Real-World Validation

 

Theoretical advances only matter when proven in practice. We’ve been working with regional banks and other businesses in Japan to apply PBI in real-world conditions.

 

Regional banks have been ideal early adopters, thanks to their agility compared to mega-banks. PBI integrates easily with existing systems because it operates within standard Public Key Infrastructure (PKI) frameworks. At the endpoint, typically an ATM, biometric data is captured, used to generate cryptographic keys, and then discarded after secure communication is completed.

 

From the user’s perspective, it’s simple: place a finger on a sensor and conduct your transactions—no cards required. Behind the scenes, cryptographic keys authenticate the user and then vanish.

 

The customer response has been overwhelmingly positive. Beyond convenience, users appreciate knowing their biometric data isn’t stored, and therefore can’t be stolen.


Integration and Implementation

 

PBI enhances existing infrastructure rather than replacing it. Banks retain their PKI systems and hardware security modules. Implementation involves upgrading endpoints with compatible biometric sensors and configuring backend systems to accept dynamically generated keys.

 

This compatibility is essential in conservative sectors, like banking, where institutions are reluctant to overhaul core architecture.

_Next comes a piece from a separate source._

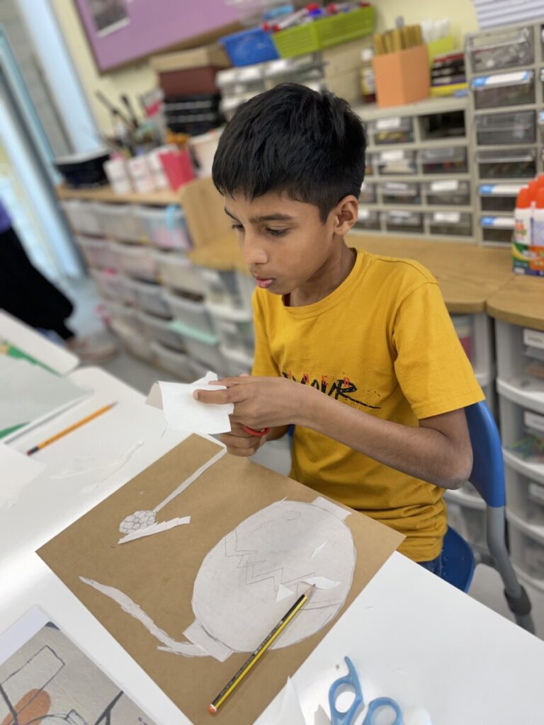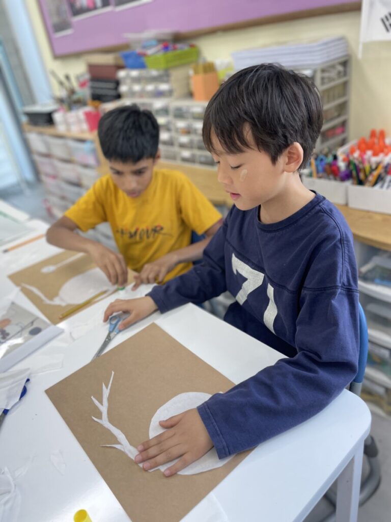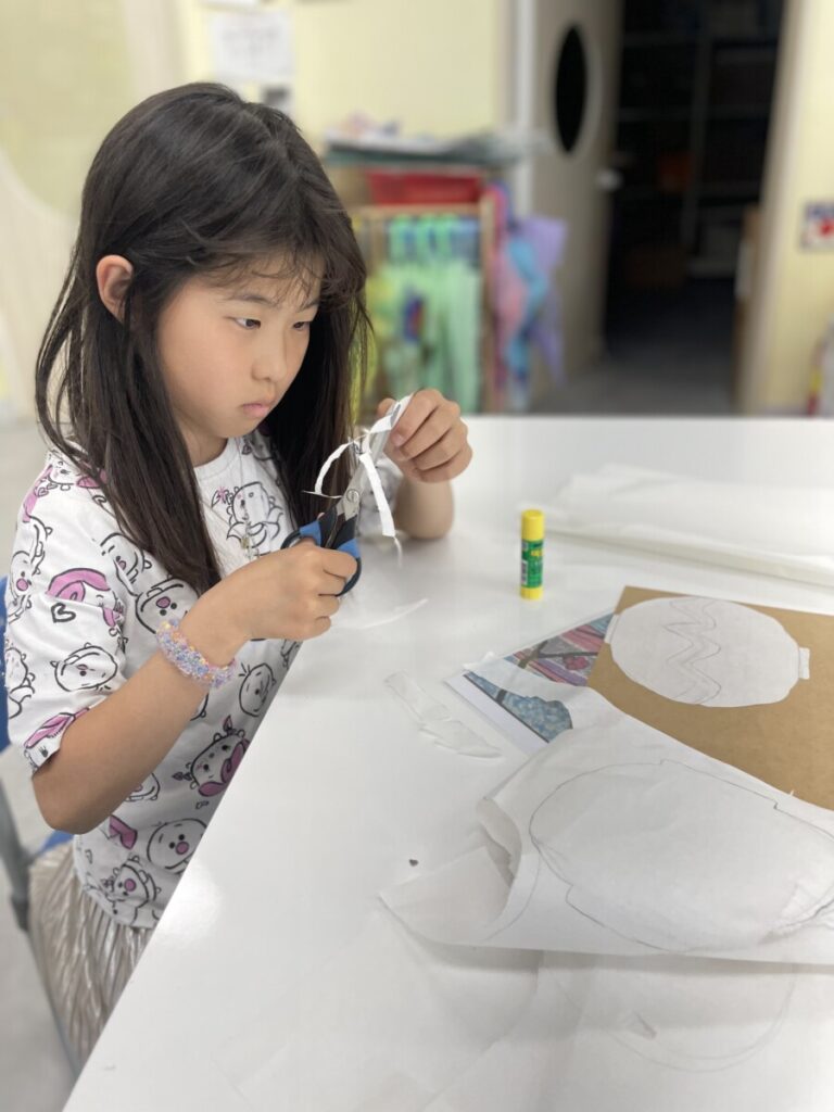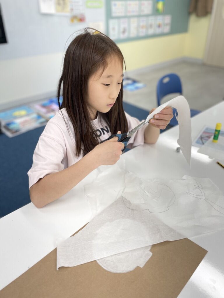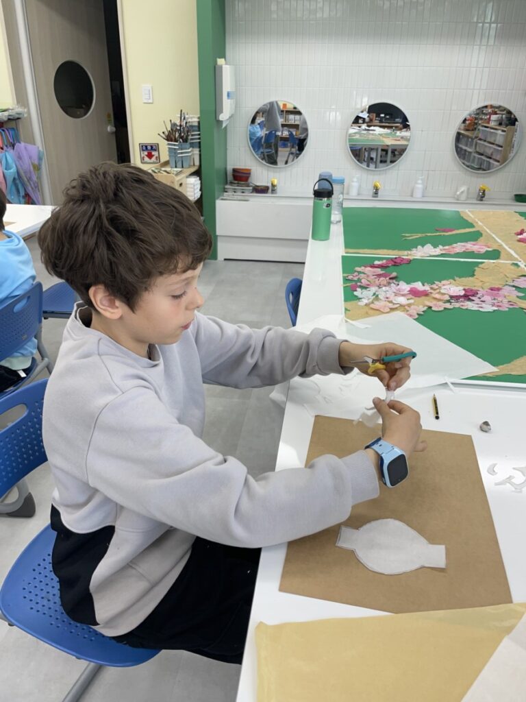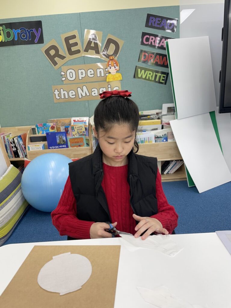 In addition to finishing their paintings, we began a new activity inspired by Kim Whanki’s famous Moon Jar series. Using a Korean traditional paper, the students cut and arranged pieces to create their own white moon jars. This collage project allowed them to express the gentle shapes and peaceful feeling of the moon jar in a tactile, hands-on way.

Cost and Compliance Benefits

 

The financial implications are significant. Traditional systems carry heavy costs for card issuance, secure storage, and regulatory compliance. Consider the numbers: issuing a single smart card costs roughly 20 dollars and requires renewal every five years for a bank with 100,000 customers. That translates to 2 million dollars in upfront issuance costs alone, plus ongoing renewal expenses.

 

More critically, these systems require constant investment to stay ahead of evolving threats and changing privacy laws.

 

PBI eliminates these expenses. No stored templates mean no databases to secure, no breach risk to mitigate, and dramatically reduced compliance burdens.

 

The benefits extend to operations as well. With PBI, account setup can take just a day or two— compared to one or two weeks under card-based systems.


Beyond Banking

 

PBI is already being deployed in Japan outside of banking.  Tobu Railway, one of Japan’s largest private railways, looks to implement our biometric authentication systems for payments across its affiliated retail and commercial facilities.  Customers simply place a finger on a sensor to pay. No cards or smartphones required.

 

The longer-term vision is global. While we have to address local regulations, imagine registering once in the U.S. and using your biometric to authenticate purchases or sign documents in Japan, Europe, or India. Not because your data travels, but because the cryptographic method is universal. Your body becomes a secure, portable key generator, wherever PBI is supported.


The Paradigm Shift

 

PBI marks a complete paradigm shift from storage-based to generation-based security. This shift breaks the old stalemate between security and convenience—the tradeoff that's held back biometrics in high-stakes settings for years.

 

The technology is real, and the payoff is hard to ignore. As businesses worldwide grapple with increasing breach costs and tightening privacy regulations, the question isn't whether this approach will eventually dominate—it's whether organizations will lead the transition or follow from behind.

 

PBI represents the future of biometric security. The mathematics are sound, the deployments are successful, and the benefits are undeniable. Above all, it solves the storage problem plaguing biometric authentication, delivering “worry-free” transactions—a promise that organizations can finally make and mean.